In November 2025, dataminers discovered that one of the game's cosmetic items, a "nameplate" players could equip on their account, featured a dress-wearing Susan in an animation that was partially cut off in-game, with the full animation showing her lying back and the crotch of her underwear visibly presented. Despite the full image not appearing in-game, Rhiannon Bevan of TheGamer felt that the original intention may have been a step too far in terms of sexualization, and represented a contrast between how men and women are sexualized in the game, with male sexuality often emphasizing strength or used to comedic effect.

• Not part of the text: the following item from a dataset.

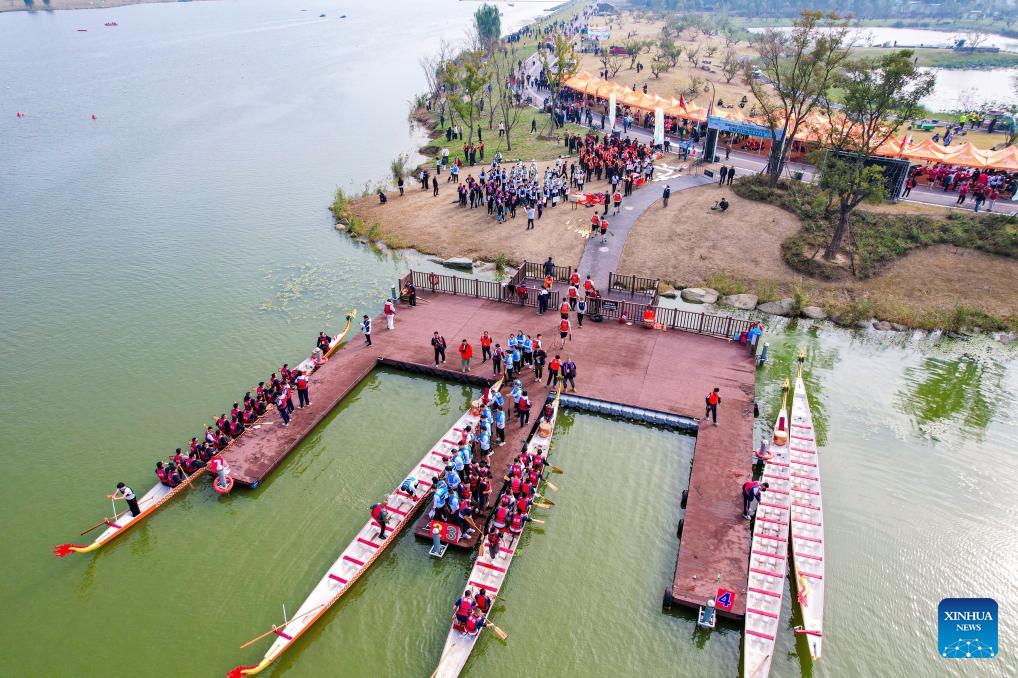 A dragon boat race is held at Zhuhai sports town in Wangguanji Town of Suqian, east China's Jiangsu Province, Oct. 26, 2025. The sports town is an eco-tourism project built upon local water environment restoration. In 2020, a comprehensive water environment improvement project was initiated in Zhuhai to tackle the problem of aquaculture tailwater, connecting local water system and turning stagnant water into flowing water.

Meanwhile, players found her difficult to differentiate from fellow character Dagger, due to both being similar looking, slender blonde women with blue and white colored outfits. This was exacerbated further with the release of Emma Frost in the title, whose design shared similar traits. Eric Hodges in an article for ComicBook.com described it as a problem of the developers' own making, pointing out that the developers were aware of the similarity between the characters in how they joked about it with in-game banter between the characters. He further expressed his confusion as to how it came about, as in the comics the character typically wore a single-colored light blue outfit. Hodges further felt that being accurate to comic book designs was not an accurate excuse in this instance.

Ian Dean of Creative Bloq observed that each of the three characters had the same "heart-shaped face, delicate nose, pouty lips and tussled, wavy blonde hair", leading them to joke the development team may have a type. He said that while it was important to put personality front and center in character design, the uniqueness of the characters did feel diluted, and suggested that due to successes with characters such as Susan, the development team might have been trying to double down on what worked before. Dean stated that while the game had a distinct artistic style that worked for them, he felt in order to win over casual and diehard comic book fans, the development team would eventually have to address the issue.

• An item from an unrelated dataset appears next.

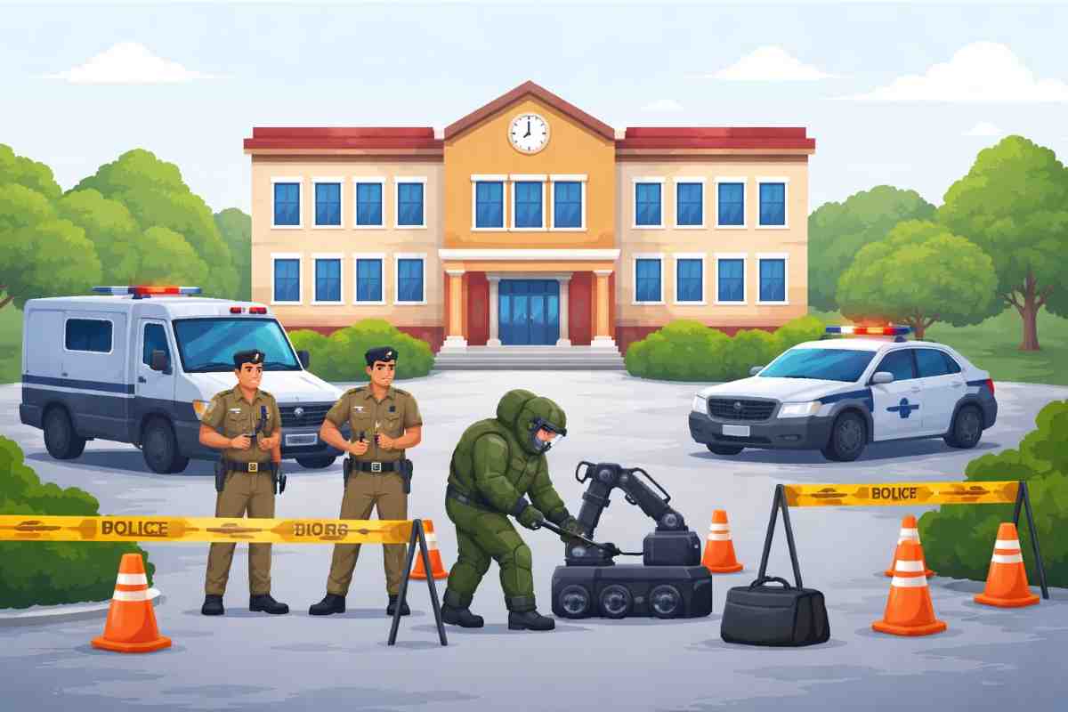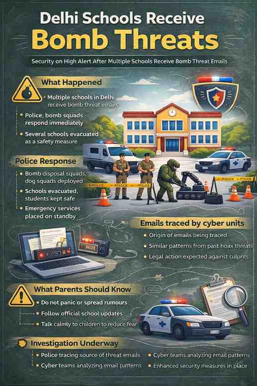 Several schools in Delhi received bomb threat emails on Tuesday, triggering large-scale security checks and causing concern among parents, students, and school authorities. The threats led to swift action by the police and emergency teams, even as officials said no explosives were found during initial searches.

===Analysis of gameplay===
Tyler Colp of Polygon expressed that while Susan was defined as a support-type character, she played significantly differently than other support characters in the hero shooter genre, including within Rivals itself. He found it refreshing to have a character designed that "can solve the sorts of problems healing can't handle", even if the tradeoff was that they were significantly more difficult to use, likening it to a pilot being aware of what all the individual controls in a plane do. Comparing her to support characters in Blizzard Entertainment's Overwatch, where characters often had to utilize their abilities in tandem, Susan's indicated that the Rivals team was pressing in the opposite direction, allowing players to ignore some of the abilities as needed.

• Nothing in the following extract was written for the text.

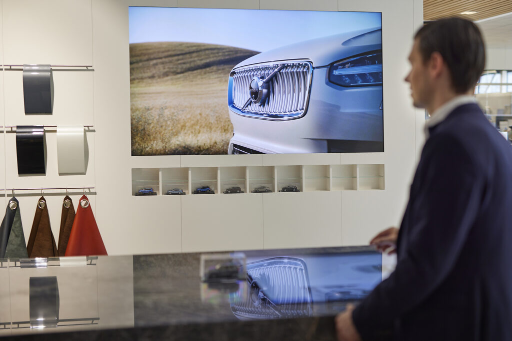The ultimate Volvo experience starts in the brand lounge. On an impact-size video wall, customers are immersed in the world of Volvo. With the latest releases and Volvo brand videos at exactly the right time. Coincidence?

Ravi Sinha of GamingBolt meanwhile felt this versatility was one of the reasons Rivals was able to overshadow Overwatch, praising the game for avoiding a focus on having all the characters be designed for optimal balance and curtailing player experience. Elaborating, he pointed out that Susan's ability to generate shields and either push or pull other characters were not typical for a character classified as a support-class, which was mainly associated with healing teammates. But in the same vein, Sinha expressed none of these abilities felt out of place on the character, and instead helped to expand her role.